= Molecular modification =

Chemical drug alteration process

Molecular modification is chemical alteration of a known and previously characterized lead compound for the purpose of enhancing its usefulness as a drug. This could mean enhancing its specificity for a particular body target site, increasing its potency, improving its rate and extent of absorption, modifying to advantage its time course in the body, reducing its toxicity, changing its physical or chemical properties (like solubility) to provide desired features.

==Modification for water solubility==
Molecular modification is used to enhance drug's water solubility by incorporating water solubilizing groups in its structure. The discussion of the introduction of water solubilizing groups into the structure of a lead compound can be conveniently broken down into four general areas:

- The type of group introduced;
- Whether the introduction is reversible or irreversible;
- The position of incorporation; and
- The chemical route of introduction.

===The type of group===
The incorporation of polar functional groups, such as the alcohol, amine, amide, carboxylic acid, sulfonic acid and phosphate groups, which either ionize or are capable of relatively strong intermolecular forces of attraction with water (hydrogen bonding), will usually result in analogues with an increased water solubility. Acidic and basic groups are particularly useful, since these groups can be used to form salts, which would give a wider range of dosage forms for the final product. However, the formation of zwitterions by the introduction of either an acid group into a structure containing a base or a base group into a structure containing an acid group can reduce water solubility. Introduction of weakly polar groups, such as carboxylic acid esters, aryl halides and alkyl halides, will not significantly improve water solubility and can result in enhanced lipid solubility.
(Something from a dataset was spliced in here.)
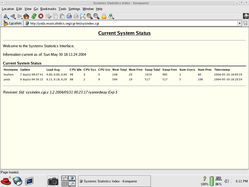 Extracting data from the database for reporting can be as easy as doing a SELECT on the current database table or as complex as merging the current data with historical data from the archive table. You even can use the numerical data points to generate graphs. A sample reporting interface is included with the main distribution in the examples/web directory. The sysindex.cgi program is a Perl CGI application that uses DBI to talk with MySQL, grab all rows from the current data table and output them in a simple HTML table, as shown in Figure 2.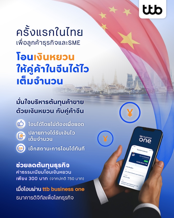 1. บริการโอนเงินไปต่างประเทศ ทีทีบี ครั้งแรกในไทยที่ธุรกิจโอนเงินหยวนให้คู่ค้าในจีนได้ไว เต็มจำนวนครบทุกหยวน ไม่มีหักปลายทาง ไม่ต้องเผื่อยอดโอน เมื่อโอนเงินสกุลหยวนไปจีนผ่านช่องทาง ttb business one ค่าธรรมเนียมการโอนเพียง 350 (จากปกติ 750 บาท)

The incorporation of acidic residues into a lead structure is less likely to change the type of activity, but it can result in the analogue exhibiting haemolytic properties. Furthermore, the introduction of an aromatic acid group usually results in anti-inflammatory activity, whilst carboxylic acids with an alpha functional group may act as chelating agents. Basic water solubilizing groups have a tendency to change the mode of action, since bases often interfere with neurotransmitters and biological processes involving amines. However, their incorporation does mean that the analogue can be formulated as a wide variety of acid salts. Non-ionizable groups do not have the disadvantages of acidic and basic groups.

===Reversibly and irreversibly attached groups===
The type of group selected also depends on the degree of permanency required. Groups that are bound directly to the carbon skeleton of the lead compound by less reactive C–C, C–O and C–N bonds are likely to be irreversibly attached to the lead structure.

Groups that are linked to the lead by ester, amide, phosphate, sulfate and glycosidic bonds are more likely to be metabolized from the resulting analogue to reform the parent lead compound as the analogue is transferred from its point of administration to its site of action. Compounds with this type of solubilizing group are acting as prodrugs and so their activity is more likely to be the same as the parent lead compound. However, the rate of loss of the solubilizing group will depend on the nature of the transfer route, and this could affect the activity of the drug.

===The position of the water solubilizing group===
In order to preserve the type of activity exhibited by the lead compound, the water solubilizing group should be attached to a part of the structure that is not involved in the drug–receptor interaction. Consequently, the route used to introduce a new water solubilizing group and its position in the lead structure will depend on the relative reactivities of the pharmacophore and the rest of the molecule. The reagents used to introduce the new water solubilizing group should be chosen on the basis that they do not react with, or in close proximity to, the pharmacophore. This will reduce the possibility of the new group affecting the relevant drug–receptor interactions.

===Methods of introduction===
Water solubilizing groups are best introduced at the beginning of a drug synthesis, although they may be introduced at any stage. Introduction at the beginning avoids the problem of a later introduction changing the type and/or nature of the drug–receptor interaction. A wide variety of routes may be used to introduce a water solubilizing group; the one selected will depend on the type of group being introduced and the chemical nature of the target structure. Many of these routes require the use of protecting agents to prevent unwanted reactions of either the water solubilizing group or the lead structure.

===Acidic and basic groups===
Examples of water solubilizing structures and the routes used to introduce them into the lead structures. O-alkylation, N-alkylation, O-acylation and N-acylation reactions are used to introduce both acidic and basic groups. Acetylation methods use both the appropriate acid chloride and anhydride.

Examples of water solubilizing structures and the routes used to introduce them into lead structures. Phosphate acid halides have been used to introduce phosphate groups into lead structures. Structures containing hydroxy groups have been introduced by reaction of the corresponding monochlorinated hydrin and the use of suitable epoxides amongst other methods. Sulphonic acid groups may be introduced by either direct sulfonation or the addition of bisulfite to reactive C = C bonds amongst other methods.